§ **Task requirements**:
Pictures excluded, copy all of the data below exactly.
====
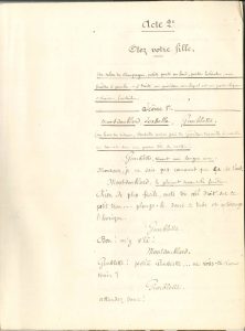 Eugène LABICHE. Manuscrit pour Ôtez votre fille, s’il vous plaît, [1854] ; cahier de 76 pages petit in-4.{CR} Cette comédie en deux actes mêlée de chant de Labiche et Marc-Michel (1812-1868) fut créée au théâtre du Palais-Royal le 24...
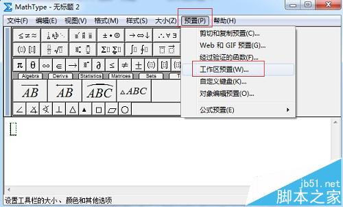 2、在MathType菜单栏中,选择“预置”——“工作区预置”。
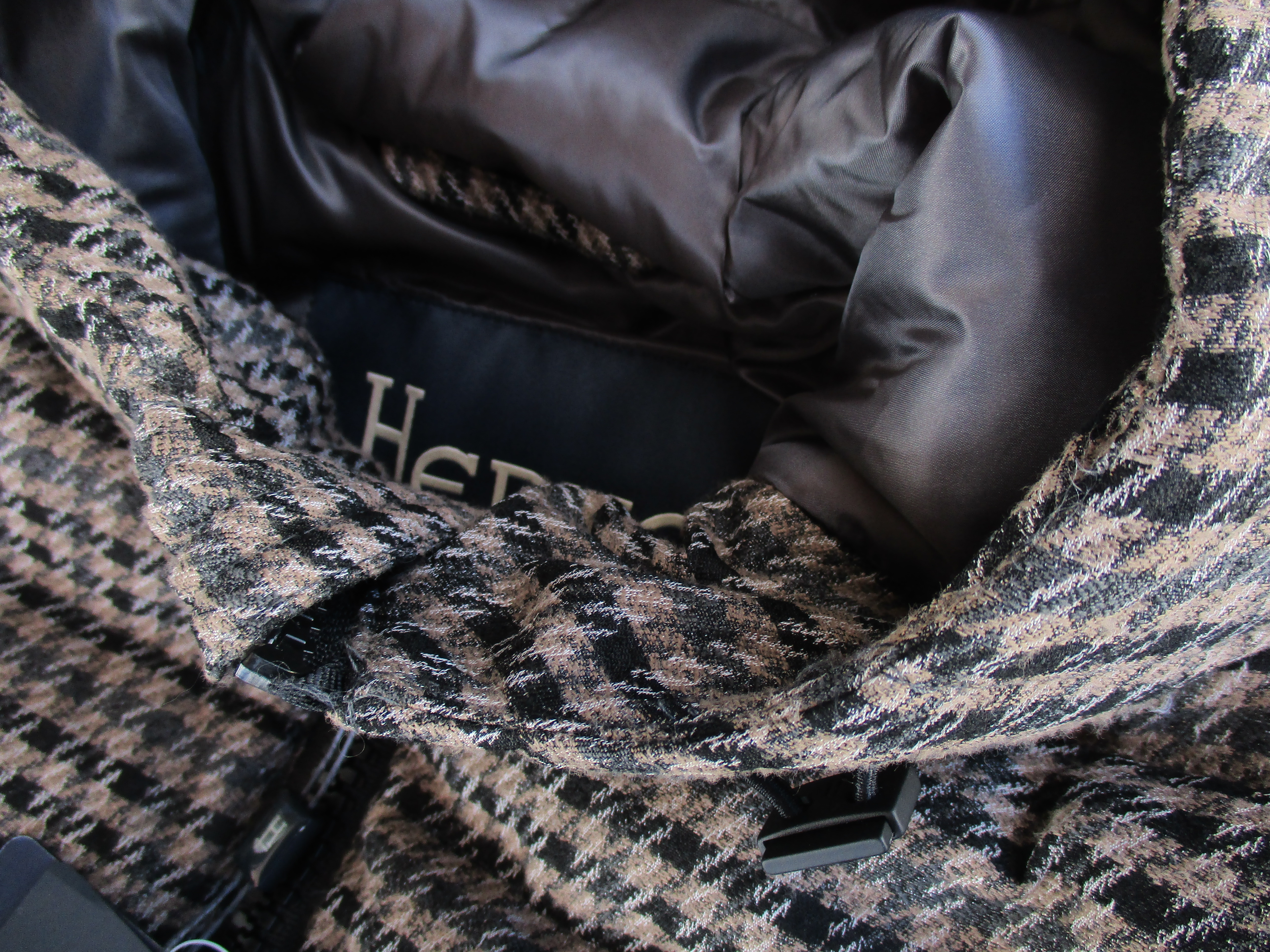 さり気なく付いたのは、取り外し付きのビーバーファー。マフラー要らずの温かさです。付く事で襟元の汚れも気になりません。くどいようですが、襟裏のロゴ。昨年、あるホテルのバーで、クロークルームを覗いたら、このロゴのコートが大半。レディースが多かったのですが、まさかヘルノジャパンの皆さんの二次会?なんて、思うほどでした。
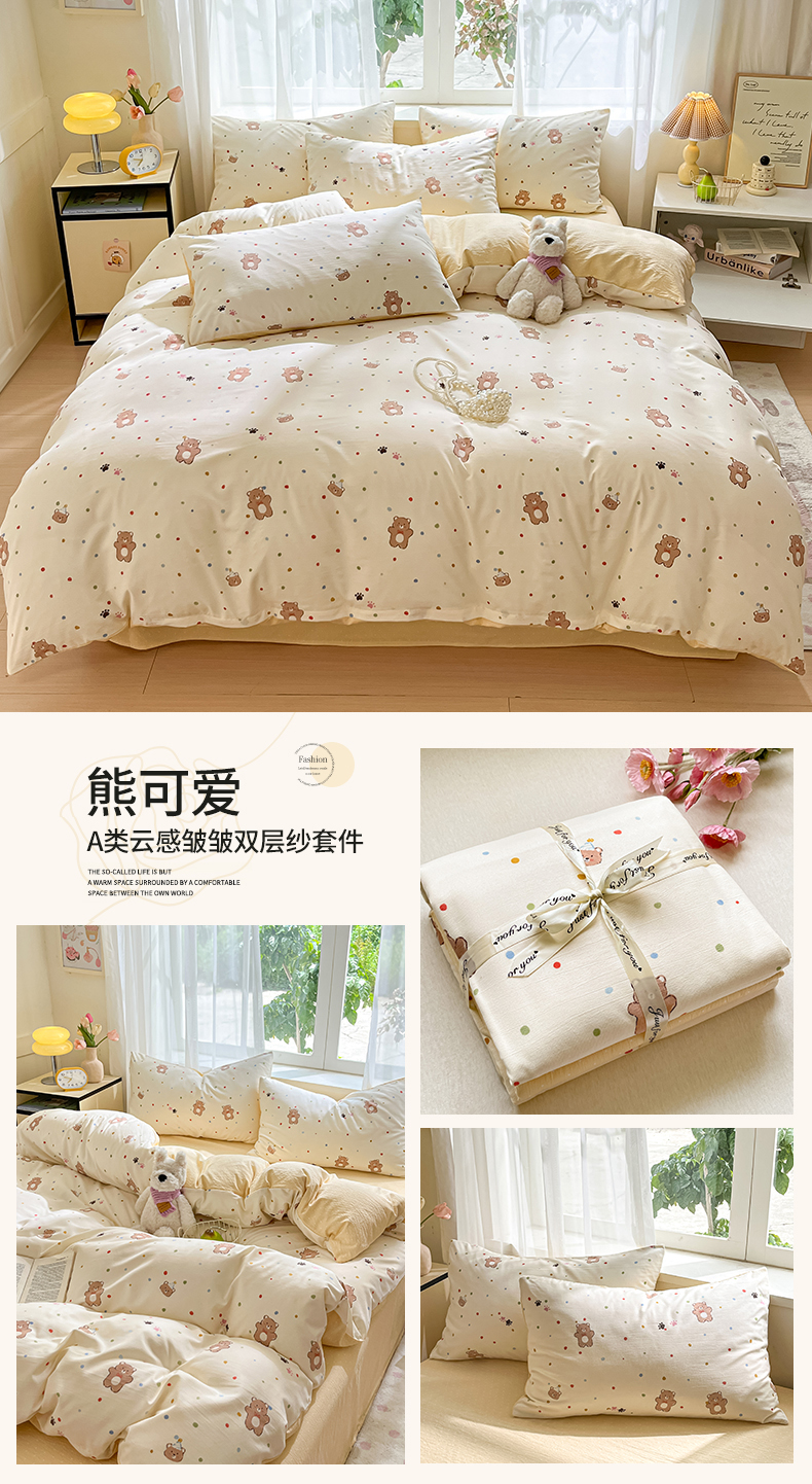 当前位置: 91家纺网 > 商品网购 > 床品套件 > 四件套 > 双层纱四件套 > 格真 2025秋冬新款110克高克重提花加厚皱皱纱双层纱四件套双面印花 熊可爱
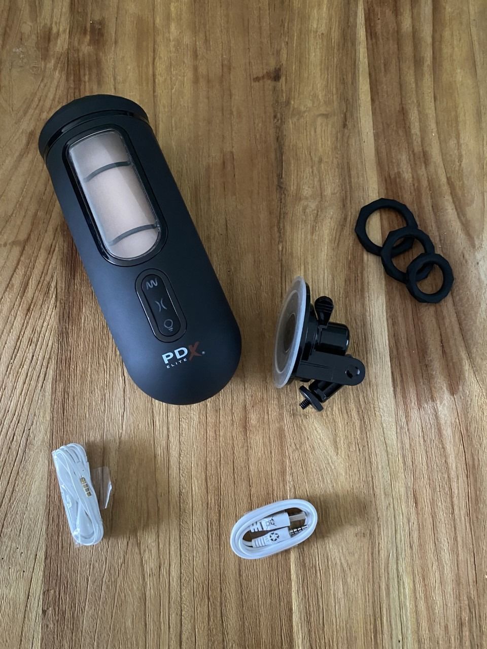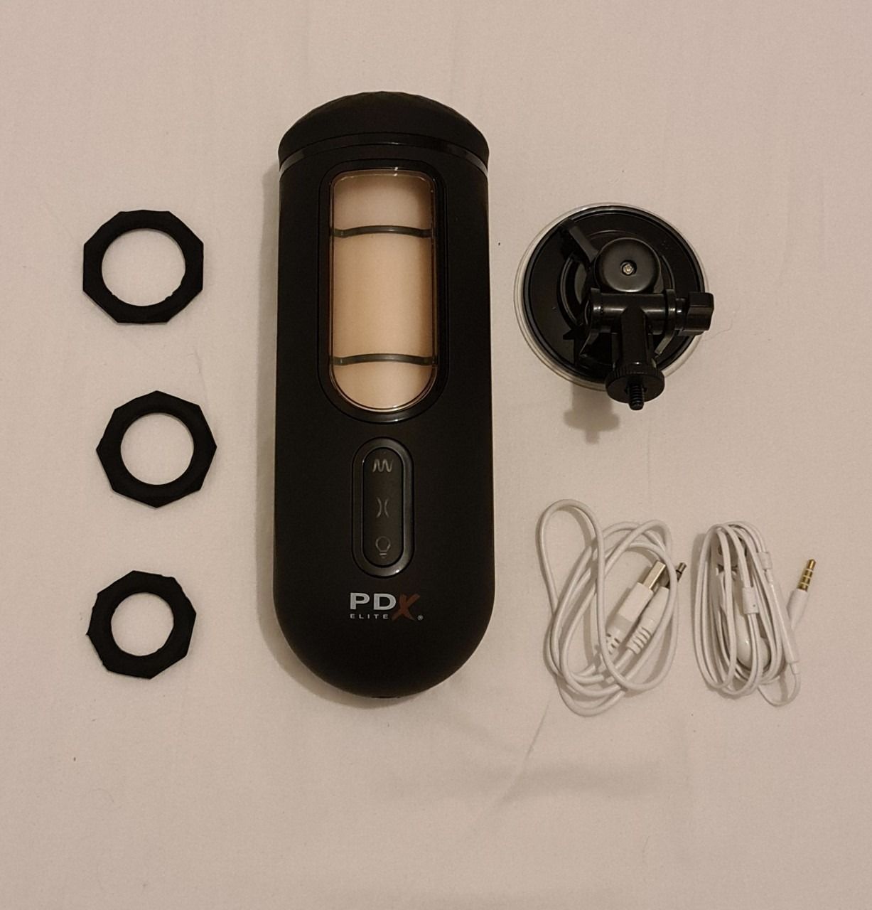 Naast de masturbator zit er ook een sterke zuignap in de verpakking, welke je zo te zien gemakkelijk kan verstellen en vastdraaien aan de toy. Ook krijg je 3 siliconen cockringen bijgeleverd, welke een diameter van 25, 32 en 38 mm hebben. Opladen doe je met het bijgeleverde USB kabeltje, welke je aan de achterkant kan inpluggen. Last but not least krijg je ook nog een paar witte oortjes meegeleverd. Hmmn… Suspicious! Waar die precies voor zijn? Stay tuned!????
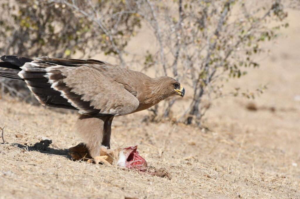 Thousands of vultures cover the ground and sky. Some are perched on trees, not 10 feet away from you, while some circle in the thermals above or sit feeding on piles of flesh and bones. Everywhere you look, there are species that are rarely spotted elsewhere in the country. Some of the species I have observed on site include the Eurasian and Himalayan griffons, Egyptian and cinereous vultures, steppe, tawny, imperial, and white-tailed eagles, and black kites. I was also lucky enough to see the rare yellow-eyed pigeon!
====
§ **Your response**:
 Eugène LABICHE. Manuscrit pour Ôtez votre fille, s’il vous plaît, [1854] ; cahier de 76 pages petit in-4.{CR} Cette comédie en deux actes mêlée de chant de Labiche et Marc-Michel (1812-1868) fut créée au théâtre du Palais-Royal le 24...
 2、在MathType菜单栏中,选择“预置”——“工作区预置”。
 さり気なく付いたのは、取り外し付きのビーバーファー。マフラー要らずの温かさです。付く事で襟元の汚れも気になりません。くどいようですが、襟裏のロゴ。昨年、あるホテルのバーで、クロークルームを覗いたら、このロゴのコートが大半。レディースが多かったのですが、まさかヘルノジャパンの皆さんの二次会?なんて、思うほどでした。
 当前位置: 91家纺网 > 商品网购 > 床品套件 > 四件套 > 双层纱四件套 > 格真 2025秋冬新款110克高克重提花加厚皱皱纱双层纱四件套双面印花 熊可爱
 Naast de masturbator zit er ook een sterke zuignap in de verpakking, welke je zo te zien gemakkelijk kan verstellen en vastdraaien aan de toy. Ook krijg je 3 siliconen cockringen bijgeleverd, welke een diameter van 25, 32 en 38 mm hebben. Opladen doe je met het bijgeleverde USB kabeltje, welke je aan de achterkant kan inpluggen. Last but not least krijg je ook nog een paar witte oortjes meegeleverd. Hmmn… Suspicious! Waar die precies voor zijn? Stay tuned!????
 Thousands of vultures cover the ground and sky. Some are perched on trees, not 10 feet away from you, while some circle in the thermals above or sit feeding on piles of flesh and bones. Everywhere you look, there are species that are rarely spotted elsewhere in the country. Some of the species I have observed on site include the Eurasian and Himalayan griffons, Egyptian and cinereous vultures, steppe, tawny, imperial, and white-tailed eagles, and black kites. I was also lucky enough to see the rare yellow-eyed pigeon!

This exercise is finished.